I think we all know why people do some of these things. They are well-captured in many famous phrases. When Sir George Mallory was asked why he wanted to climb Mount Everest, he said “Because it is there.” He didn’t say that it was for economic gain.
We know these reasons, and tonight I will call them “Real Reasons”. Real Reasons are intuitive and compelling to all of us, but they’re not immediately logical. They’re exactly the opposite of Acceptable Reasons, which are eminently logical but neither intuitive nor emotionally compelling. The Real Reasons we do things like exploring space involve competitiveness, curiosity and monument building. So let’s talk about them. . . . .

Real Reasons are not amenable to cost/benefit analysis. I’m reminded of the famous quote “A cynic is a man who knows the price of everything and the value of nothing,” by the character Lord Darlington in Oscar Wilde’s play “Lady Windermere’s Fan.” It’s one of my favorites. Well, in today’s America it’s smart, it’s popular, it’s clever to be a cynic. And a certain amount of it is appropriate; a healthy skepticism of bold claims is necessary. But too much skepticism causes us to deny a part of what we are.
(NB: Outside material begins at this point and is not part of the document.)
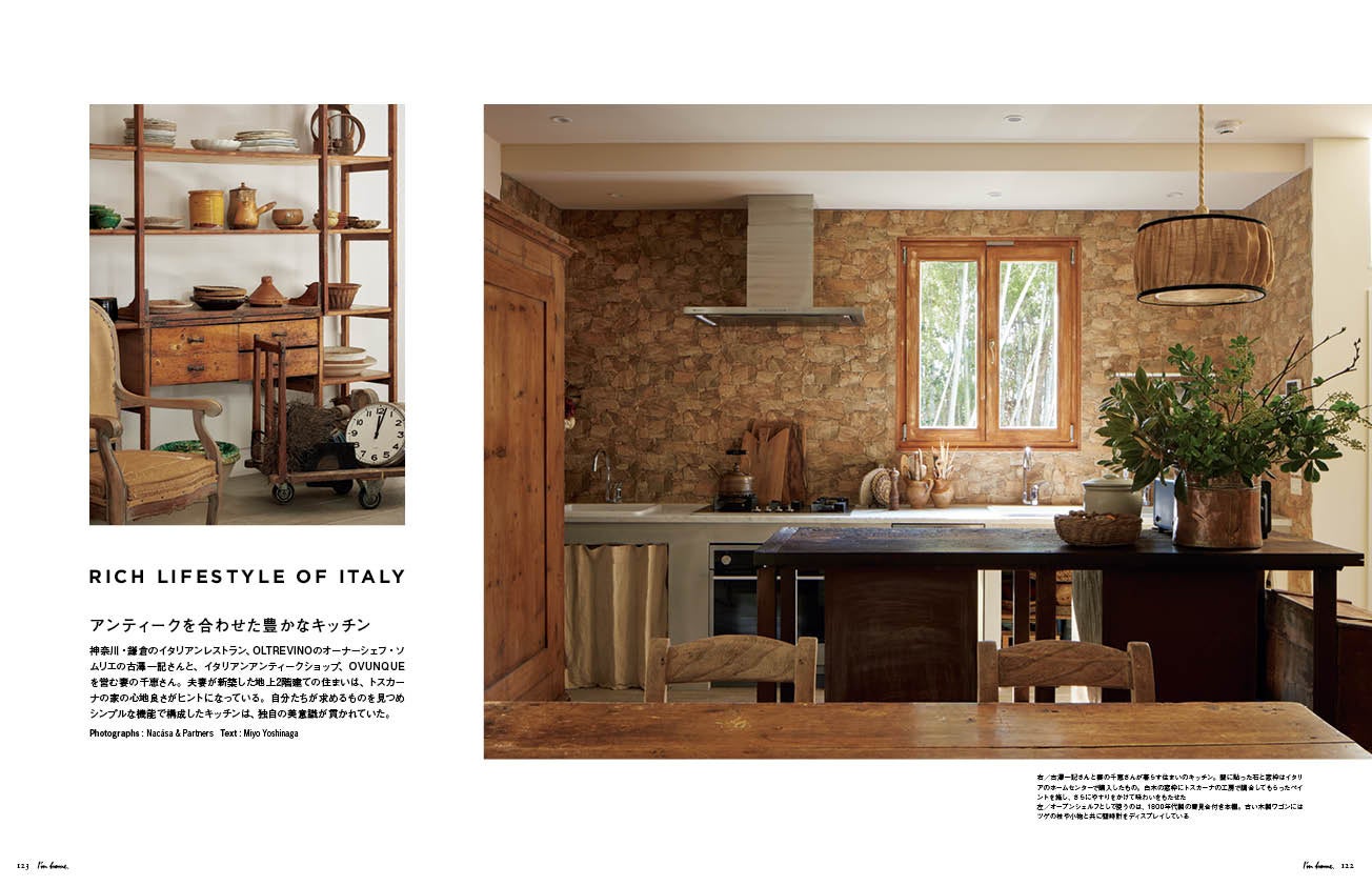 神奈川・鎌倉のイタリアンレストラン、OLTREVINOのオーナーシェフ・ソムリエの古澤一記さんと、イタリアンアンティークショップ、OVUNQUEを営む妻の千恵さん。夫妻が新築した地上2階建ての住まいは、トスカーナの家の心地良さがヒントになっています。自分たちが求めるものを見つめシンプルな機能で構成したキッチンは、独自の美意識が貫かれていました。

Real Reasons are old fashioned. How many of us grew up reading Tom Swift, or Jack Armstrong, All American Boy? Or other similar books stories? Not great literature, for sure, but they exemplified many of the values I think we like to see in people: inventiveness, competitiveness, boldness, and a sense of good feeling about what it was to be an American, in very simplistic ways but ones which hit close to home.

To read those books was to understand, even as a child, that achievement is to be valued, and is not something to be set aside. So, how do we talk about our achievers today? Other than in the field of sports, we talk about today’s achievers as “geeks” and “workaholics”. People are advised to lead “balanced lives”. I don’t know about you, but I haven’t led a balanced life. But people who want to accomplish something are not balanced. And they are geeks, and workaholics. I think we owe our country to people who were like that. I don’t know that one could say that folks like George Washington and Thomas Jefferson led balanced lives. Any rational cost/benefit analysis would tell you to stay out of a quarrel with the mother country, and let other people deal with it! Who today would talk about pledging “their lives, their fortunes, and their sacred honor” to a cause? Today we are uncomfortable with such value discussions, and I think it’s a shame.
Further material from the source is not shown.